**ENTRIES SUPPLIED**:
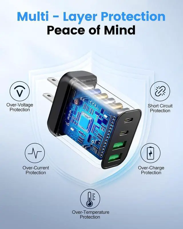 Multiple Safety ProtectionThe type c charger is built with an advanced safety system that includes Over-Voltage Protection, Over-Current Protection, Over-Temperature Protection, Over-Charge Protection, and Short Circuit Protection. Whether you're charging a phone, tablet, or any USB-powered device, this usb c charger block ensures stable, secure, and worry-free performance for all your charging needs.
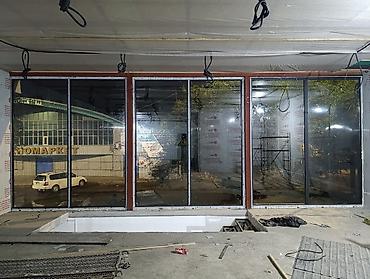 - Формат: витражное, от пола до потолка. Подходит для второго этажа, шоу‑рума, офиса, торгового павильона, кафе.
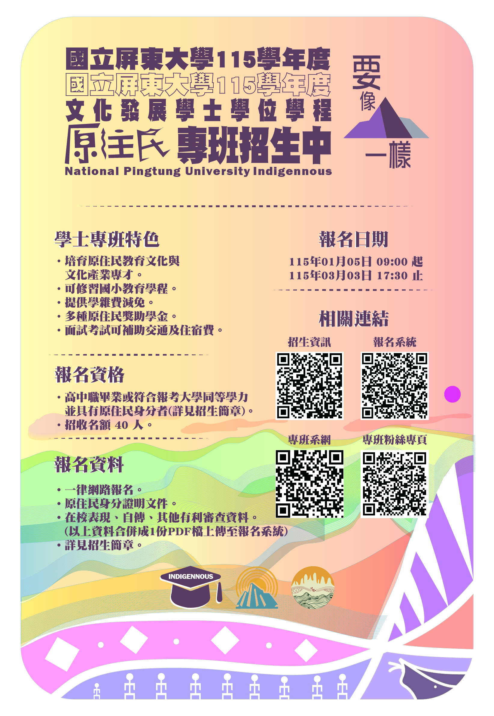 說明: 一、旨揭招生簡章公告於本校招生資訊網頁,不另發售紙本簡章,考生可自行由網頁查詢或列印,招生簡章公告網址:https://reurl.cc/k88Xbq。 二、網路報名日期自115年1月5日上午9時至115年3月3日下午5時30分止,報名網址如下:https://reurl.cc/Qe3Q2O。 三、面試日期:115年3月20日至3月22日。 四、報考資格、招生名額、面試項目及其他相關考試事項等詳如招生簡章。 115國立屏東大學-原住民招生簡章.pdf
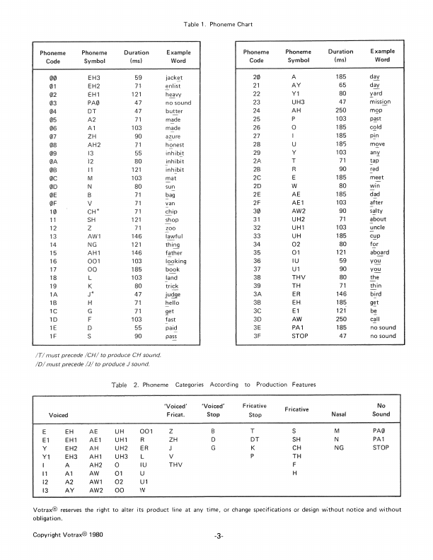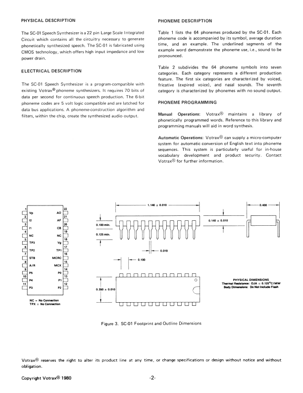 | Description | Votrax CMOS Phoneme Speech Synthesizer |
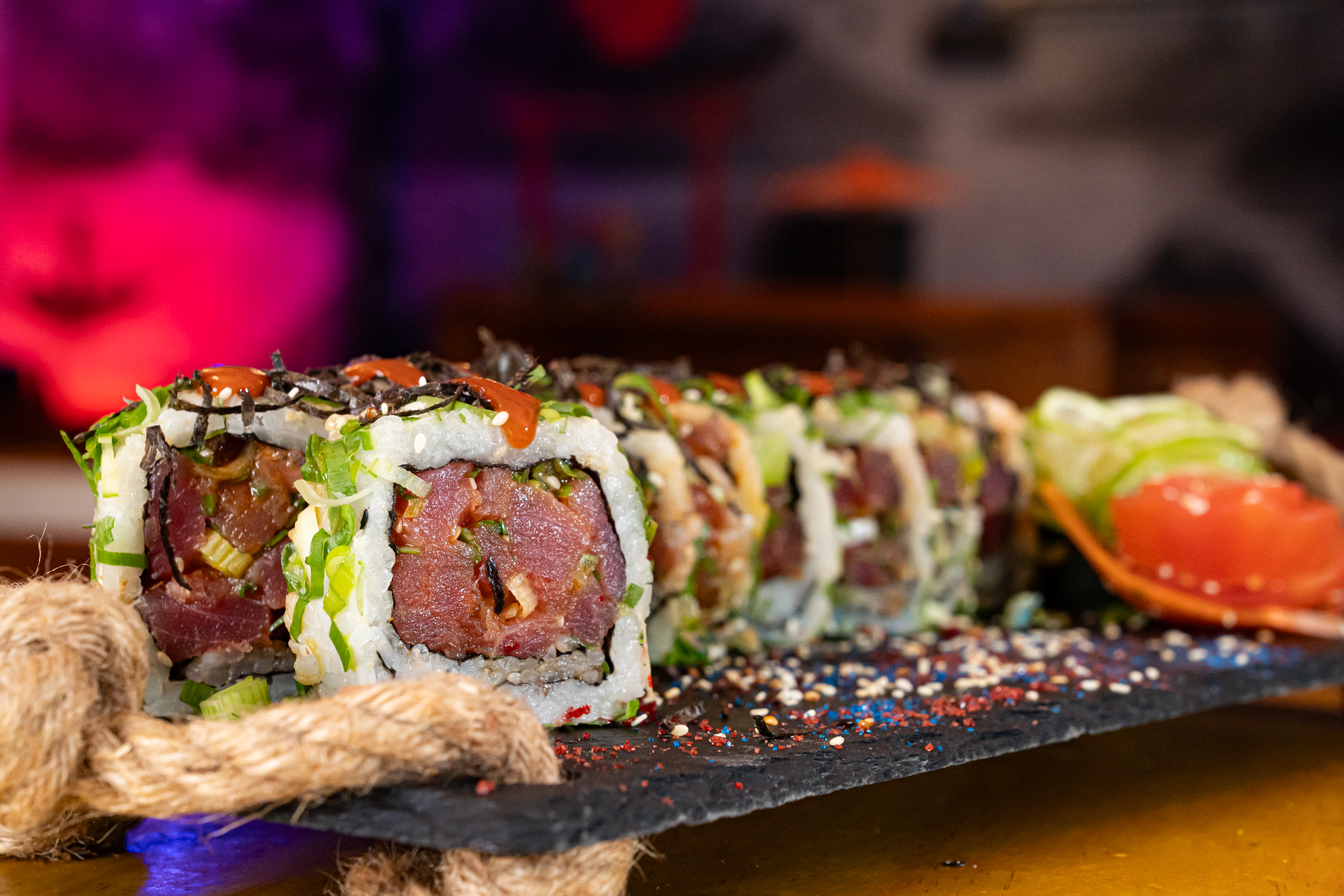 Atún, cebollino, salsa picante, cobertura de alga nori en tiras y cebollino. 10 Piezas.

...

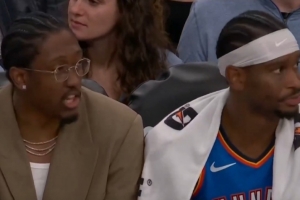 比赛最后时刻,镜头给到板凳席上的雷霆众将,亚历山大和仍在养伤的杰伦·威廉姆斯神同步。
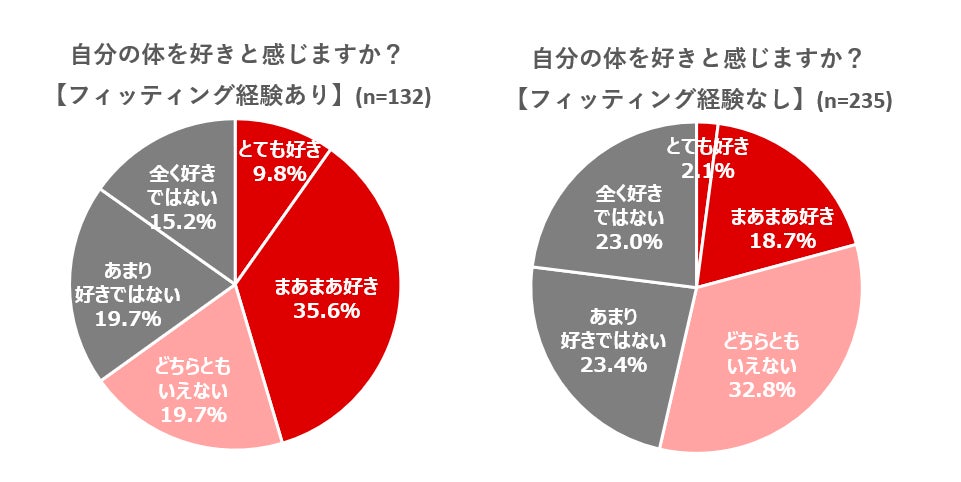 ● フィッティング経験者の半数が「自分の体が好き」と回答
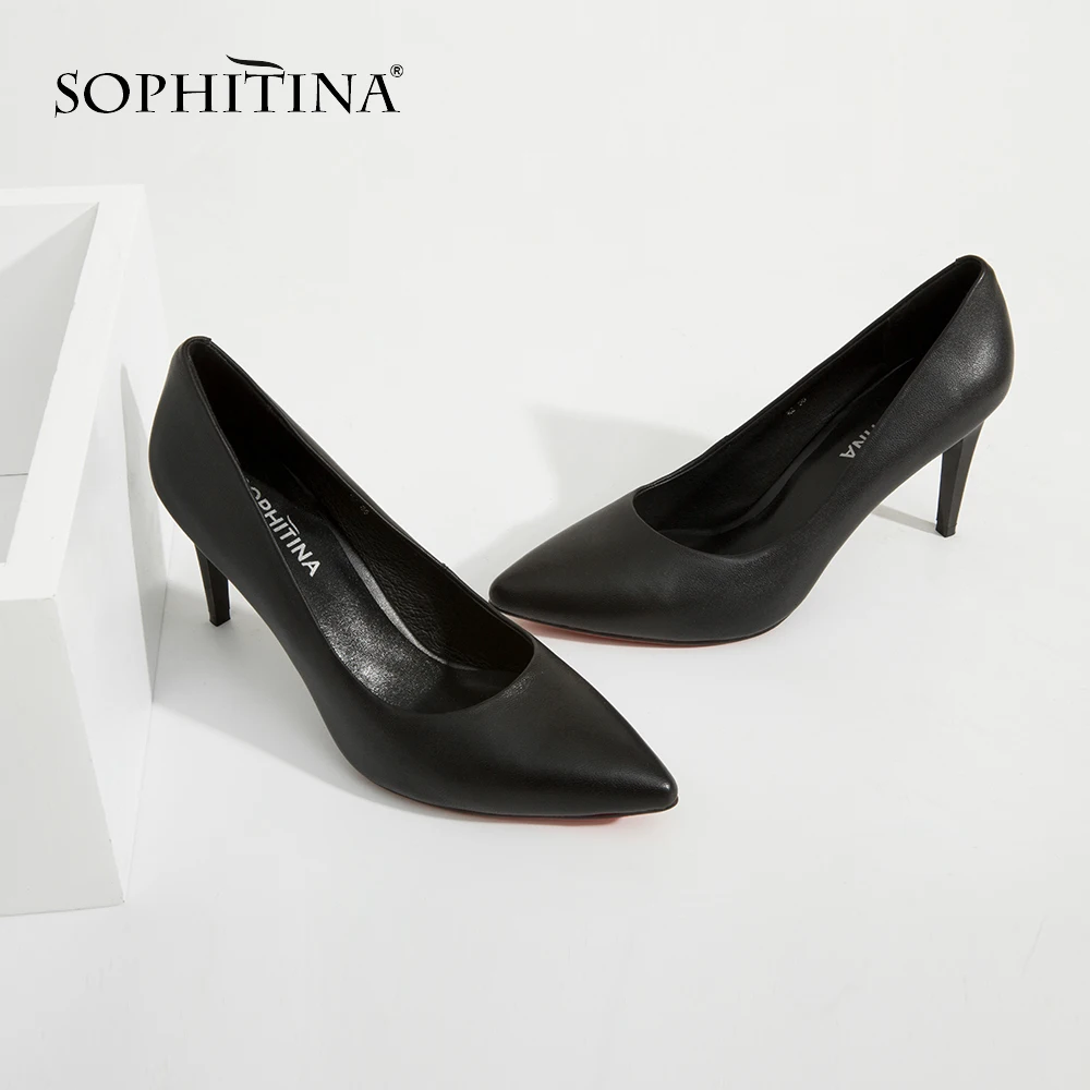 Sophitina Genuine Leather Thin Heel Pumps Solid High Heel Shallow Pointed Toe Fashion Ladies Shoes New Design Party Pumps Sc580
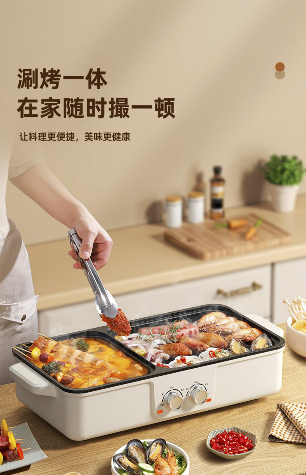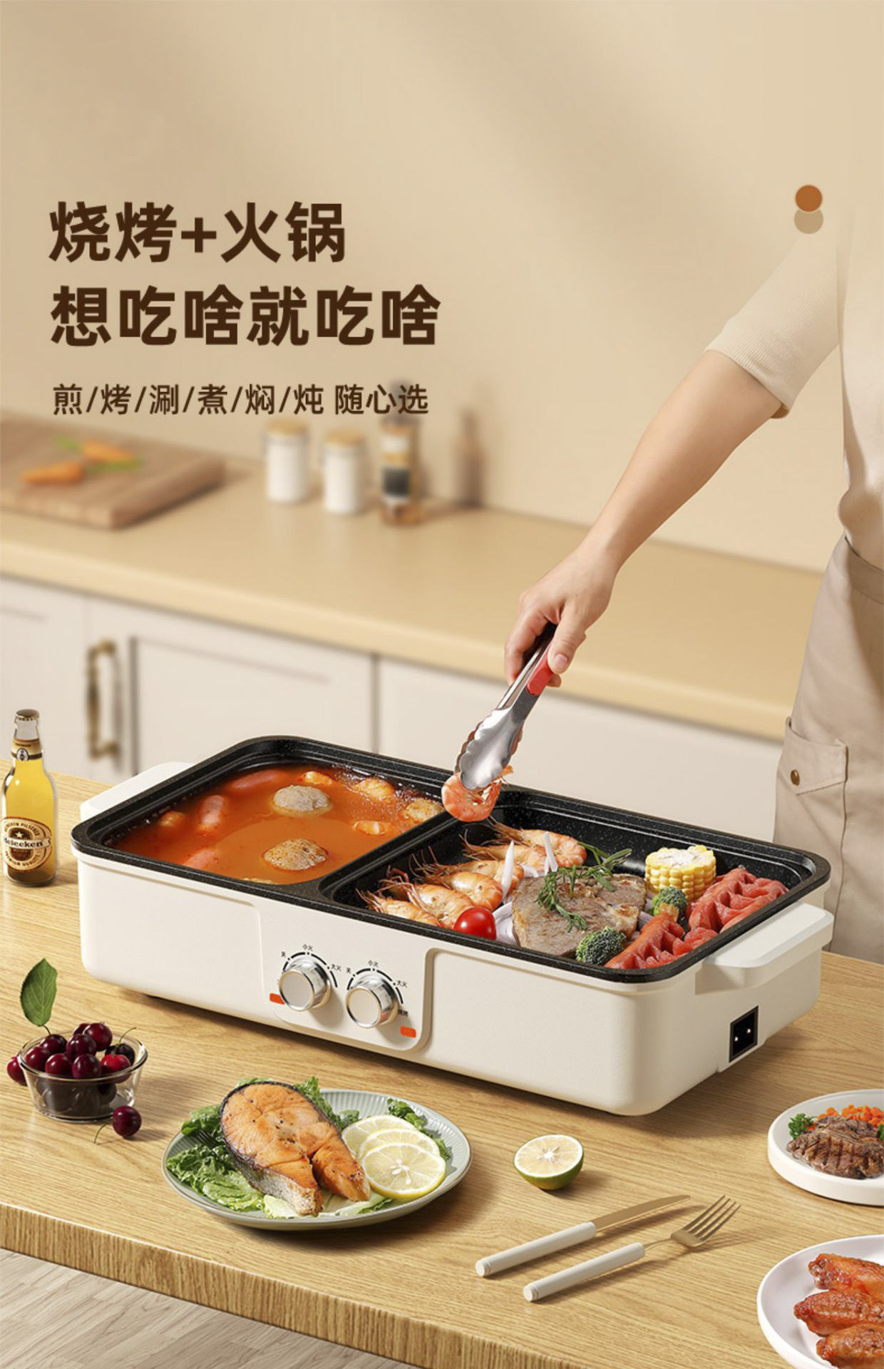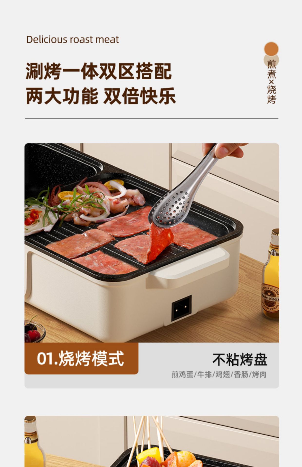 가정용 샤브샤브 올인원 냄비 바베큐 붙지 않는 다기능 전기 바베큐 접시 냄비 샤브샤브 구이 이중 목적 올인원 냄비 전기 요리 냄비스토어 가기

...

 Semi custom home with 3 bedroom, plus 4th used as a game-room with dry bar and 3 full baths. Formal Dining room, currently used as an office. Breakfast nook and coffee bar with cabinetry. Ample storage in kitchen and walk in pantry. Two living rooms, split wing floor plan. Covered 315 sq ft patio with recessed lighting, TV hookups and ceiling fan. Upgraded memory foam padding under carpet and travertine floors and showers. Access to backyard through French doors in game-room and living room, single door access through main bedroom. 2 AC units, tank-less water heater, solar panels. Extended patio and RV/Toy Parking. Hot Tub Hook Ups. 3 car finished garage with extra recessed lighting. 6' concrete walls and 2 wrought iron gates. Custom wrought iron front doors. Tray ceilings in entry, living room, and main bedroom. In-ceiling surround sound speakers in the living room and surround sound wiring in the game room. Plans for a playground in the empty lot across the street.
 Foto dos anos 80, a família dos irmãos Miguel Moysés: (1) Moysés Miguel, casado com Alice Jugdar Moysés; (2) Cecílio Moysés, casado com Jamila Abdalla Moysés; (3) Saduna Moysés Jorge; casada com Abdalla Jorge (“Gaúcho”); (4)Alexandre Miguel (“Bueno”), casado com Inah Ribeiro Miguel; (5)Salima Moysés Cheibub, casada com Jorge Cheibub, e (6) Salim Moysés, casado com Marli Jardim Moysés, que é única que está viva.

**WORK REQUEST**:
Because only one stretch of the records is wanted, please output the lines from the one holding "Sophitina Genuine Leather" through the one holding "가정용 샤브샤브 올인원" exactly, both included, and leave every picture out.

**RESULT OF THIS EXERCISE**:
 Sophitina Genuine Leather Thin Heel Pumps Solid High Heel Shallow Pointed Toe Fashion Ladies Shoes New Design Party Pumps Sc580
 가정용 샤브샤브 올인원 냄비 바베큐 붙지 않는 다기능 전기 바베큐 접시 냄비 샤브샤브 구이 이중 목적 올인원 냄비 전기 요리 냄비스토어 가기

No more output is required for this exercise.